Some attribute the rapid increase in cases to simple awareness. Kids are more likely to get diagnosed with autism if their parents or health providers know about the disorder. 

But most experts suspect there are environmental factors at play. 

Studies suggest that pollution and other toxins may cause epigenetic or even gut microbiome changes that raise autism risks. 

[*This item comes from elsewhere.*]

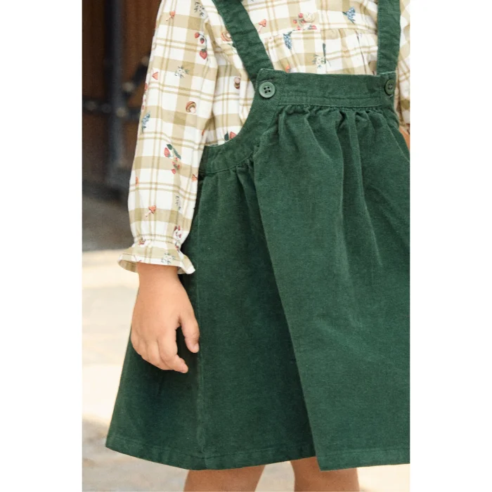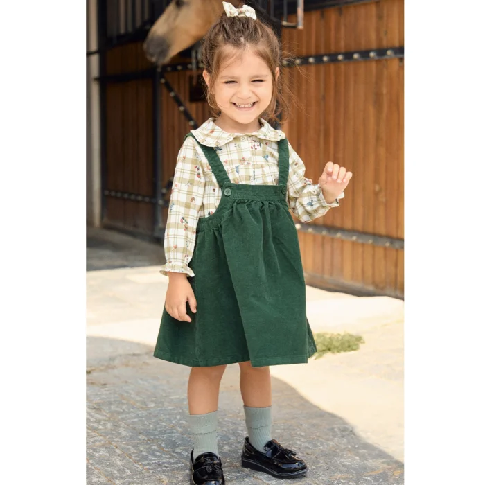 İki parçalı takım. Uzun kollu gömlek, kol ucu gipe detaylı bebe overlok. Yaka fırfır detaylı, önü düğmeli. Kadife jile, düz yaka ve ayarlanabilir düğme askılı. Önü ve arkası pile detaylı.

The NIOSH team decided to look at solvents, a wide and potent class of chemicals used in many industries, running the gambit from food manufacturing to plastic, engineering to dry cleaning and printing to pharmaceuticals. 

Proper protective gear is crucial when working with solvents which can be carcinogenic, toxic to the brain, and contribute to infertility. 

According to NIOSH, ‘millions of US workers’ are exposed to them. 

The powerful chemicals can get into anyone’s system via skin contact, inhalation and can linger in the body a long time. 

We already know that solvents have been linked to reproductive disruption, and it may be that they impact a baby developing in the womb.  

So the increase seen in the last 20 years may be happening as women who were exposed to these chemicals decades prior – before tighter regulations – were having children. 

The new study, published in the journal Occupational and Environmental Medicine, looked at data on the chemical and environmental exposures affecting 750 US mothers and 891 US fathers. 

Although they took into account asphalt, metal, pesticide, plastics, radiation, disinfectants and more, solvents had the most significant effect on mothers, whose exposures were most closely connected their children’s autism risks. 

The mothers of children on the autism spectrum had been exposed to more solvents than had women with children who didn’t have autism. 

And those who had been exposed to higher levels of solvents at work were 1.5 times more likely to have children with autism. 

Women who faced ‘moderate intensity’ levels of exposure were nearly twice as likely to have a child on the spectrum. 

The researchers merely monitored their subjects, so their findings don’t explain why these women might be more likely to have children with autism. 

‘However, these results are consistent with earlier reports that have identified solvents as a potential risk factor for [autism spectrum disorders],’ the researchers said.